Recently I helped my brother rewrite a sudoku solver he had been hacking on. His original implementation did some smart look-ahead to determine quickly which cells of the puzzle could be inferred from surrounding columns, rows, and regions. We were curious, though, to see how this would compare to a naive solver. Our naive solver can only decide what number to put in a cell based on its own row, column, and region (3x3 square).
The premise of our naive solver prohibits leveraging inference about a cell’s possible options beyond what can be inferred the rules of the game:
- Number can appear only once on each row
- Number can appear only once on each column
- Number can appear only once on each region
This means we cannot use look-ahead strategies like x-wing, which are popular methods implemented in other solvers. Again, our constraint is simply to understand and compare differences between sophisticated solvers and a certain form of brute-force solver.
The first piece of our solver is a class to hold the game board which is a 9x9 matrix of cells. The board has a validation function to determine if the board is valid according to the rules stated above. Each Cell object holds an array of values called ‘options’, which contains the possible options 1 through 9 for the eventual value of that cell. When a cell’s value is set, it removes that value from the option set of each cell in its row, column, and region. The solver works recursively, picking the cell with the least number of options and setting it’s value, and continuing to guess values until it either solves the puzzle or exhausts its options in a given possibility tree.

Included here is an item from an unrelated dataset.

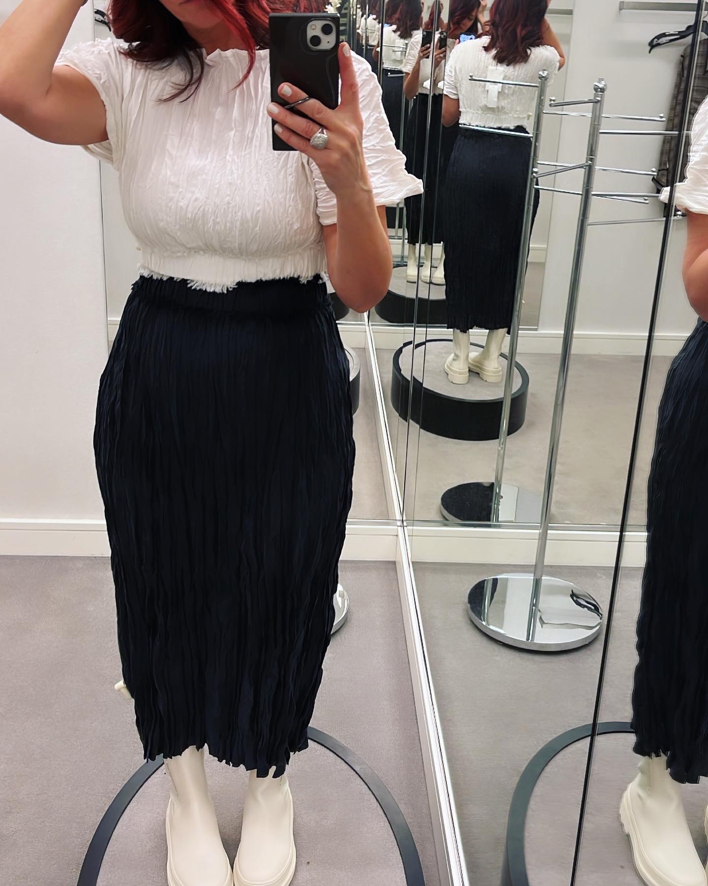 This clean and minimal brand reminds me of a well traveled chic woman that believes in quality over quantity. Totem pieces are polished and sophisticated. I was super excited to see the line in person here at Fashion Square. Here is a sneak peak of my try on session that sparked the idea for this blog post:
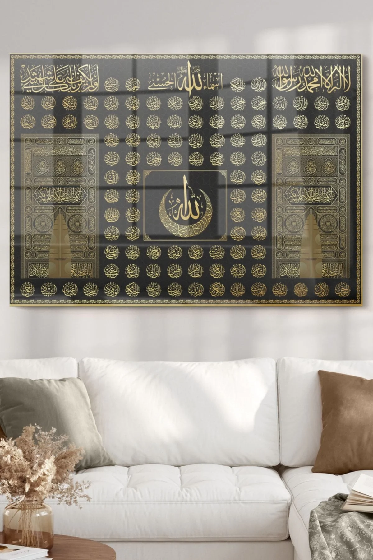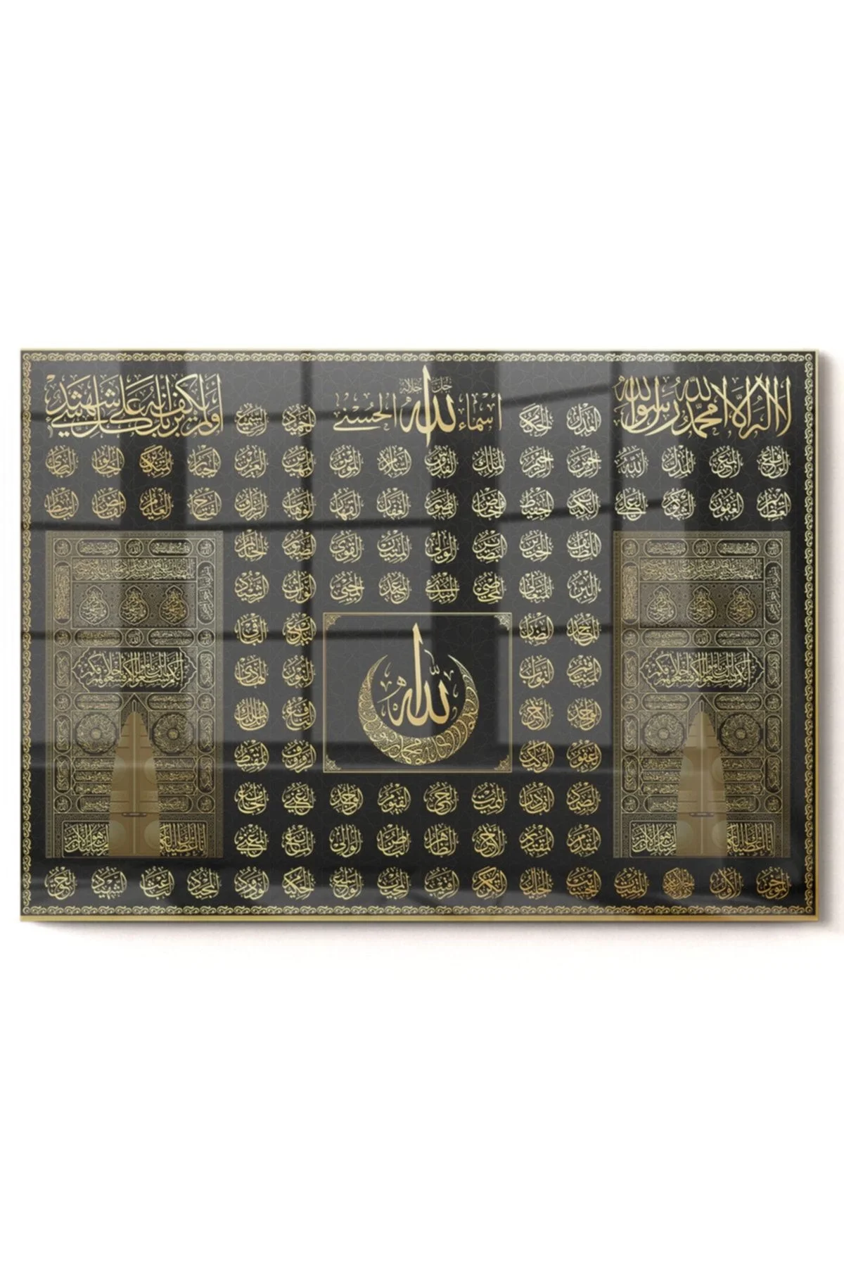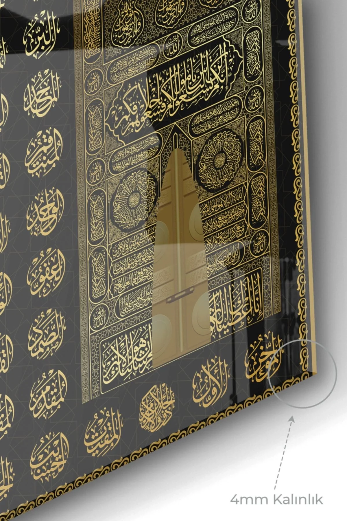 Esmaül Hüsna Kaaba Cover Gold Detail | Religious Themed Glass Painting | 50x70cm

As we were designing the solver, my brother asked if we should take a shortcut
by analyzing the board to determine if there are any cells which are the only
cell in a row, column, and region containing a specific option. This means that
if a cell has the value
9 in its option set, for instance, and no other cell
in its row, column, or region has the option of
9, we can set that cell to 9.
This would be a really straightforward idea to implement, but eventually we
determined that it goes against the ethos of our naive solver experiment,
because it’s still a form of look-ahead.
Ultimately, the solver we designed only cares about board validity, not impossibility. Look-ahead allows a solver to predict dead-end possibility trees before testing them, whereas our solver has one optimization which is to choose the cell with the fewest options before it starts making guesses.
I haven’t created an exhaustive comparison between our solver and any other solvers, but on my 2014 Macbook Pro, our solver has completed any sudoku we’ve thrown at it in under 12 seconds.